DATA PROVIDED:
⟨

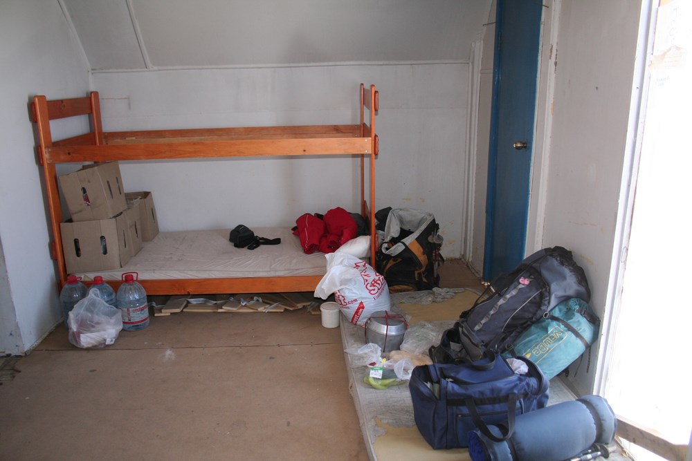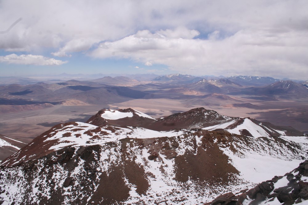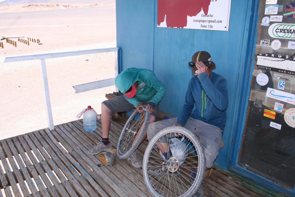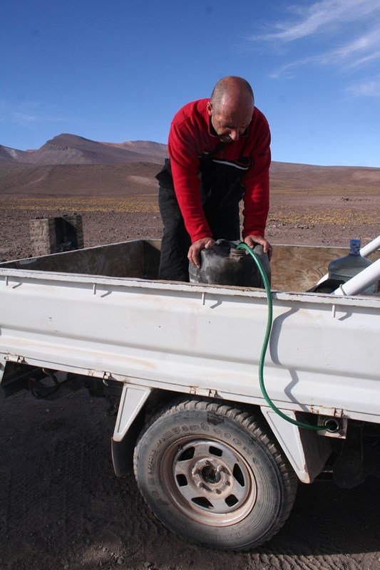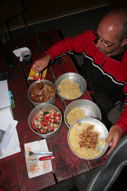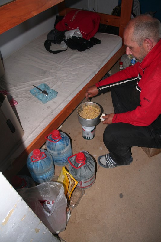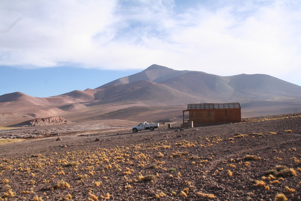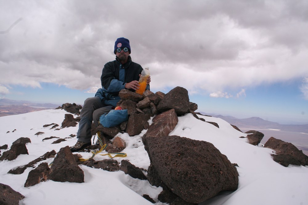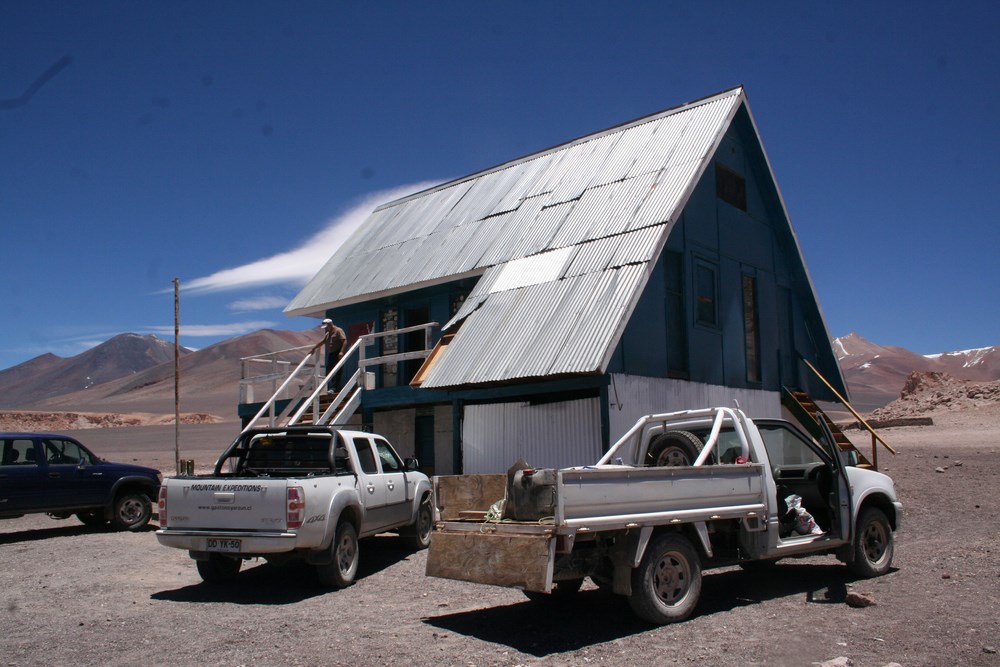 Etwas kompliziert ist die Zufahrt zum Rifugio Claudio Lucero, wurde doch glatt die Abzweigung verschüttet, doch mit dem Wissen der Zufahrt sollte es gelingen. 13.30 Uhr, schon von weitem waren etliche Fahrzeuge auszumachen, tatsächlich befanden sich sehr viele Bergsteiger in und um der Hütte, wie selbstverständlich nisteten wir uns in einem großen hellen Raum ein, Matratzen standen an der Wand, die nicht unbedingt in gutem Zustand waren, aber besser als in einem engen Zelt auf dieser Enormen Höhe von 4530 m. Im Austausch mit einem Deutschen wird klar das die Bedingungen hier in der Atacama die letzten Woche nicht gut war, absolut Glaubhaft! lag ja am Ojos sehr viel Schnee, er erzählte das ein Bergkamerad denn er hier kennen lernte am 1. Januar am Ojos erfolgreich war, teilweise Hüfttief im Schnee aufsteigend. Er selber hatte Probleme mit dem Rücken verweilt aber noch hier, der Kumpel sei heute Solo zum San Franzisco aufgebrochen (ein 6000er um die Ecke) direkt über dem gleichnamigen Pass, 2008 stand er auch bei uns zur Auswahl. Zwei ja die Zwei Fahrradfahrer rollen ein, es handelt sich um ein Englische Paar das seit Oktober in Südamerika Unterwegs ist, ihr Start war in Bolivien, Sie sehen sehr gezeichnet von diesem Urlaub aus, Dürr und zäh, später erfahre ich das sie Gestern am Tres Cruces waren, beide Gipfel sind gelungen Respekt! Sehr viel Schnee am Berg der Aufstieg zum Sur sei mit Felsen durchzogen und nicht einfach, Wasser ist vorhanden und die Aufgabe lösbar! Am Abend erhalten wir Tipps. Noch einmal wird der Sprit aus dem Kanister mittels Saugheber in den Tank gespült, dieses Mal klappt es besser schon beim ersten Versuch, doch ein bitterer Nachgeschmack bleibt. 270 Km ist die Distanz von Copiapo über die Laguna Santa Rosa, der Tank ist nun wieder voll. Die Höhe macht kaum Probleme, kochen einer Nudelsuppe, während des Essens schaut die Grenz Polizei einige Minuten vorbei. Zum Abendessen werden Schinkennudeln mit Tomaten und Gurkensalat serviert, wobei die Nudeln auf dieser Höhe wenig bis keinen Biss verzeichnen, zum Trinken wird ein Becker serviert. Am Abend trifft eine ältere Amerikanerin mit ihrem Argentinischen Führer ein, beide sind wohl nicht unbekannt, über was sie sich Unterhalten konnte nicht vernommen werden, war für uns "später" hinzugestoßenen kein Platz in der „Wohnküche“
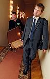 Внеочередной съезд Демократической партии России (ДПР) прошел в Октябрьском зале Дома Союзов. На съезде был избран новый лидер ДПР. Участники съезда несут урну для голосования.
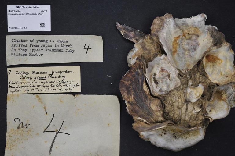 | Keywords: Naturalis Biodiversity Center - ZMA.MOLL.415452 - Crassostrea gigas (Thunberg, 1793) - Ostreidae - Mollusc shell.jpeg artwork Dimensions artwork Document type Ostreidae subfamily Ostreinae Crassostrea Individual count Infraspecific epithet Infraspecific rank Institution Naturalis Kind of unit artwork Kind of unit specimen shell Life stage Medium artwork Nomenclatural code Source institute Zoölogisch Museum Amsterdam Scale the width of the text on the species/QR-code label is 38 mm Occurrence ID page Other fields Other versions artwork Permission license Naturalis donation CC-0 Mollusca Publication location Scientific name Crassostrea gigas Thunberg 1793 Scientific name authorship Thunberg 1793 Source url http //bioportal naturalis nl Specific epithet gigas State or province Subject keywords artwork Subject keywords publication Title artwork Title publication Type status Uploaded with GWToolset Naturalis_Biodiversity_Center_-_ZMA MOLL 415452_-_Crassostrea_gigas_ Thunberg _1793 _-_Ostreidae_-_Mollusc_shell http //medialib naturalis nl/file/id/ZMA MOLL 415452/format/large Molluscs at Naturalis from the Zoölogisch Museum Amsterdam Media donated by Naturalis Biodiversity Center Crassostrea gigas Crassostrea |
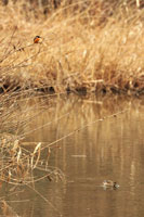 - 朝からどんより曇り空…。一方で、昨晩は気温が氷点下にならなかったので、高尾の池は久しぶりに氷が張らず、コガモたちの求愛の鳴き声でにぎやか♪ また、カワセミがホバリングしたりヨシにとまって水面をじぃーっとみつめたりして魚を探す様子が観察できました(写真)。
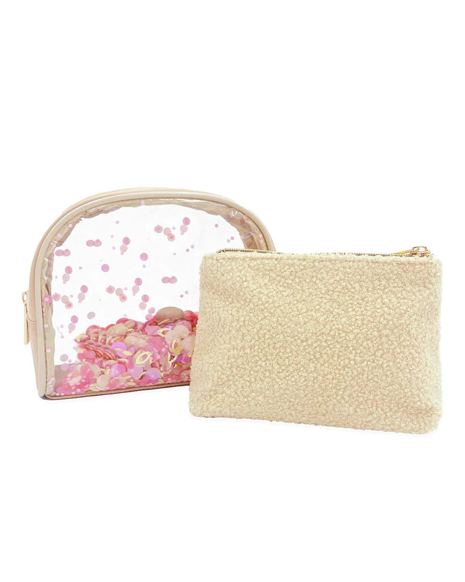 Give your cosmetics a cozy home thanks to this two in one bag that's perfect for every day! With a luxe beige chenille interior pouch and confetti on the outer pouch too, this set will have everyone feeling all the feels. Now what to pack first?!
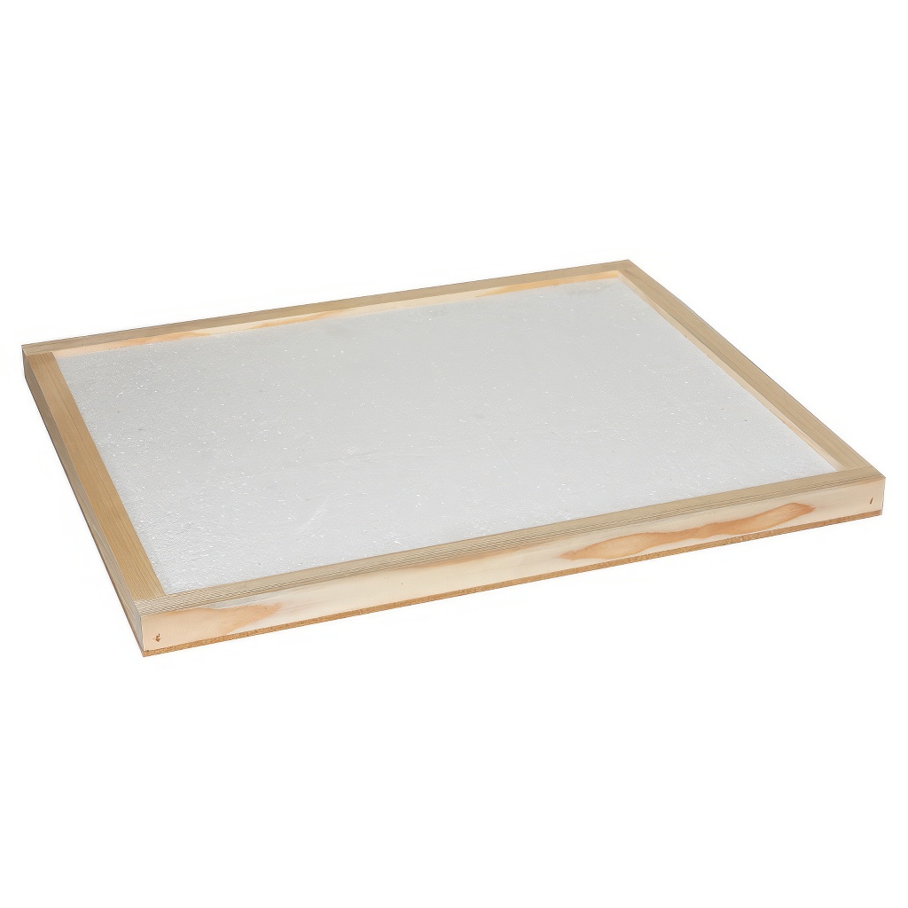Vnitřní víko slouží jako horní uzávěr plodového nebo medníkového prostoru a tvoří izolační bariéru mezi včelstvem a vnější střechou. EPS deska zabraňuje kondenzaci vlhkosti na vnitřní straně střechy a zároveň omezuje únik tepla z včelího chomáče během zimování. Rozměry odpovídají standardnímu nástavku Zander.
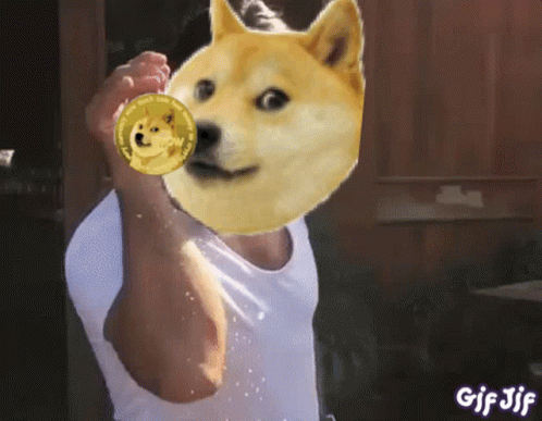 A Doge meme head is superimposed on the 'Salt Bae' chef, sprinkling Dogecoin, a popular cryptocurrency.
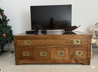 Mesa de centro com um design colonial, feita em madeira maciça com detalhes em metal e tampo em vidro. - Acabamento em madeira com veios aparentes. - Puxadores em metal dourado. - Estrutura robusta e elegante.
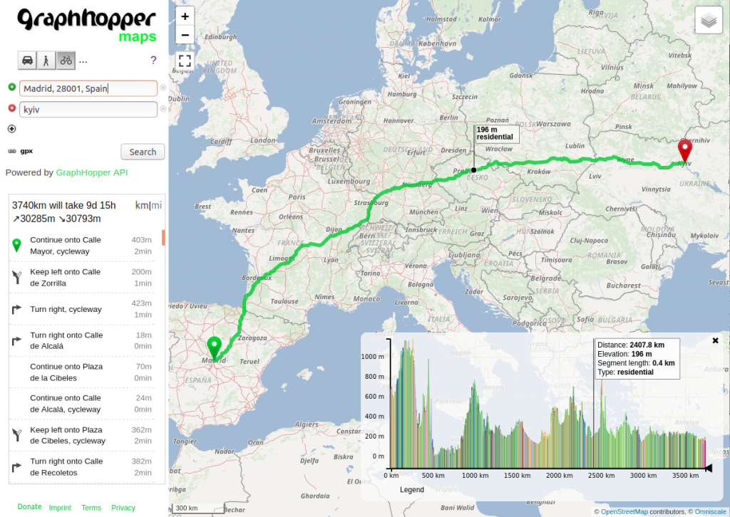 Customizable routing again: Here the bike mode is forced to prefer official bike routes even though this means a big detour. Another use case would be a cargo bike where additional properties like road width are taken into account.
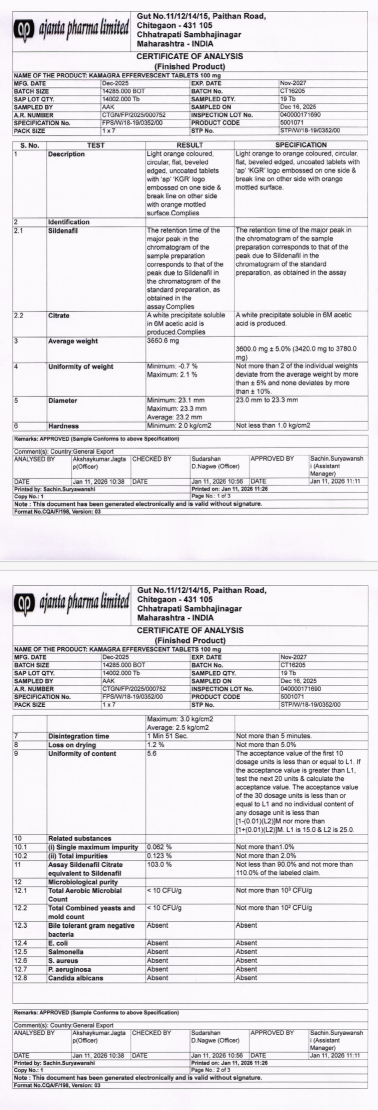 メーカーから直接取り寄せた最新ロットの検査結果です。主成分(シルデナフィル)が規定通り100%以上含まれていることが証明されています
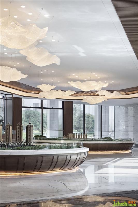 模型圖后另設(shè)山水紋水晶玻璃屏風(fēng),繁縟而有節(jié),化為映像的細(xì)聲,既是美的展示,又適宜空間的分割,影影綽綽之間感受“清風(fēng)徐來,水波不興”之境。裝修設(shè)計(jì)
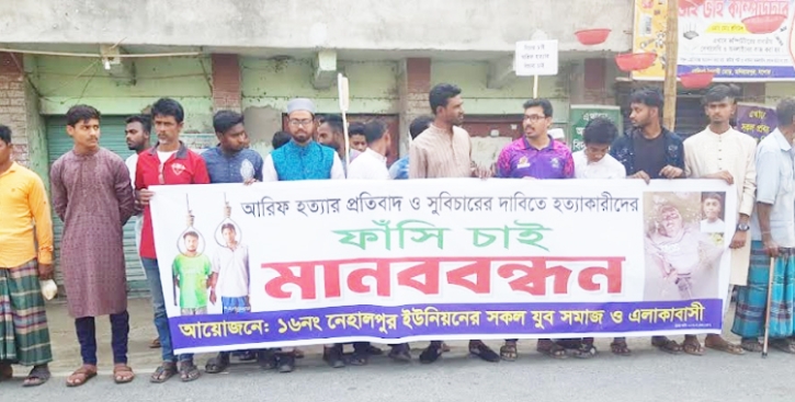 যশোরের মণিরামপুর উপজেলায় চাঞ্চল্যকর আরিফ হত্যাকাণ্ডের সঙ্গে জড়িতদের সর্বোচ্চ শাস্তি ফাঁসি এবং দ্রুত বিচার ট্রাইব্যুনালে মামলার বিচার দাবিতে মানববন্ধন করেছেন স্থানীয় এলাকাবাসী।শুক্রবার (৬ মার্চ) দুপুরে উপজেলার বালিধা বৈরাগী মোড় এলাকায় এই মানববন্ধন অনুষ্ঠিত হয়। এতে বিভিন্ন শ্রেণি-পেশার মানুষ, স্থানীয় জনপ্রতিনিধি, সামাজিক ও সাংস্কৃতিক সংগঠনের নেতাকর্মীসহ শতাধিক মানুষ অংশগ্রহণ করেন।মানববন্ধনে বক্তারা বলেন, আরিফ হত্যাকাণ্ডের পর থেকে এলাকায় শোক ও ক্ষোভের আবহ বিরাজ করছে। এমন নৃশংস হত্যার সুষ্ঠু তদন্ত ও দ্রুত বিচার নিশ্চিত না হলে অপরাধীরা আরও বেপরোয়া হয়ে উঠবে। তাই প্রশাসনের প্রতি দ্রুত তদন্ত সম্পন্ন করে জড়িতদের আইনের আওতায় এনে দৃষ্টান্তমূলক শাস্তি নিশ্চিত করার দাবি জানান তারা।বক্তারা আরও বলেন, সাধারণ মানুষ এখন আর বিলম্বিত বিচার চায় না। আরিফ হত্যার সঙ্গে জড়িতদের সর্বোচ্চ শাস্তি নিশ্চিত করতে হবে, যাতে ভবিষ্যতে এ ধরনের নৃশংস ঘটনার পুনরাবৃত্তি না ঘটে।এ সময় মানববন্ধনে অংশগ্রহণকারীরা হত্যাকারীদের দ্রুত গ্রেপ্তার ও ফাঁসির দাবিতে বিভিন্ন স্লোগান দেন। একই সঙ্গে তারা নিহত আরিফের পরিবারের প্রতি গভীর সমবেদনা জানান এবং বিচার না হওয়া পর্যন্ত আন্দোলন চালিয়ে যাওয়ার হুঁশিয়ারি দেন।স্থানীয়রা জানান, আরিফ হত্যাকাণ্ডের প্রকৃত রহস্য উদঘাটন করে জড়িতদের কঠোর শাস্তি নিশ্চিত করা হলে এলাকাবাসীর মধ্যে স্বস্তি ফিরে আসবে। এজন্য প্রশাসনের দ্রুত ও কার্যকর পদক্ষেপ কামনা করেছেন তারা।
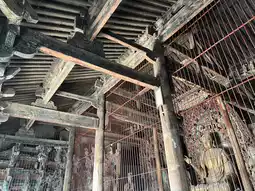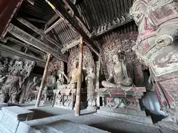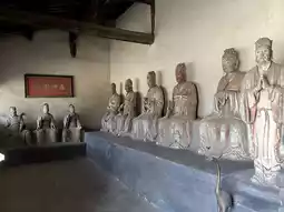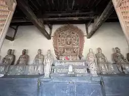 There is a mountain gate on the south side and surrounding walls. The five-bay main hall has a six-purlin gable roof and is three bays deep, with a solid and beautiful structure. A plaque with the words "Vilu Zhenjing" hangs in the middle of the main hall door, which was written by Li Hang from this village in the ninth year of the Daoguang reign of the Qing Dynasty. There are nine main Buddha statues in the hall, as well as many scattered statues and hanging sculptures. In the middle is Sakyamuni, with Kasyapa and Ananda on both sides, Manjusri and Samantabhadra on both sides, and two Bodhisattvas on both sides, and two Vajra statues on the outside. The entire group of statues has a harmonious rhythm, appropriate arrangement, exquisiteness, lifelikeness and rich artistic imagination. It is very different from general replicas and is of considerable value for the study of traditional sculpture techniques.
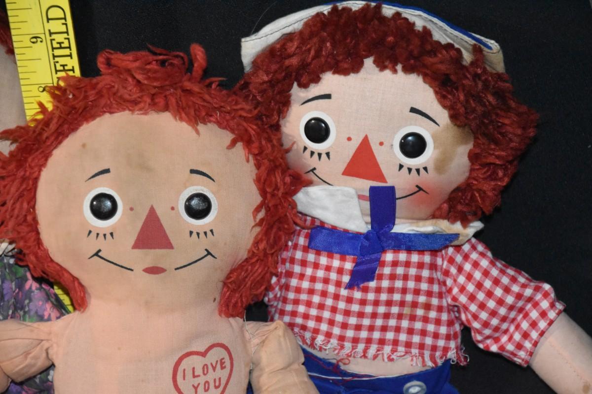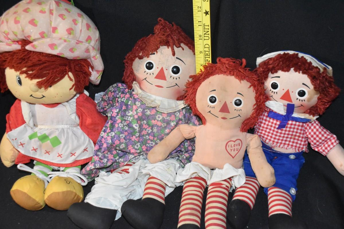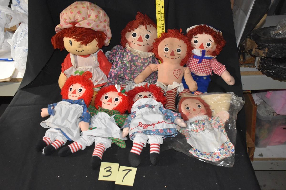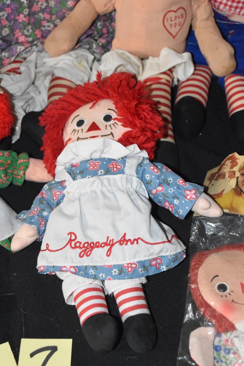 Lot of 6 Raggedy Ann dolls plus one Strawberry Shortcake & One boy doll. All sorts and types and ages.
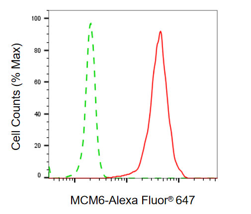 Flow cytometric analysis of MCM6 expression in C2C12 cells using MCM6 antibody. Green, isotype control; red, MCM6.

⟩

WHAT IS EXPECTED: Skip every picture, and restate word for word only the lines above from the line containing "Vnitřní víko slouží" to the line containing "模型圖后另設(shè)山水紋", both of them included.

RESULT:
Vnitřní víko slouží jako horní uzávěr plodového nebo medníkového prostoru a tvoří izolační bariéru mezi včelstvem a vnější střechou. EPS deska zabraňuje kondenzaci vlhkosti na vnitřní straně střechy a zároveň omezuje únik tepla z včelího chomáče během zimování. Rozměry odpovídají standardnímu nástavku Zander.
 A Doge meme head is superimposed on the 'Salt Bae' chef, sprinkling Dogecoin, a popular cryptocurrency.
 Mesa de centro com um design colonial, feita em madeira maciça com detalhes em metal e tampo em vidro. - Acabamento em madeira com veios aparentes. - Puxadores em metal dourado. - Estrutura robusta e elegante.
 Customizable routing again: Here the bike mode is forced to prefer official bike routes even though this means a big detour. Another use case would be a cargo bike where additional properties like road width are taken into account.
 メーカーから直接取り寄せた最新ロットの検査結果です。主成分(シルデナフィル)が規定通り100%以上含まれていることが証明されています
 模型圖后另設(shè)山水紋水晶玻璃屏風(fēng),繁縟而有節(jié),化為映像的細(xì)聲,既是美的展示,又適宜空間的分割,影影綽綽之間感受“清風(fēng)徐來,水波不興”之境。裝修設(shè)計(jì)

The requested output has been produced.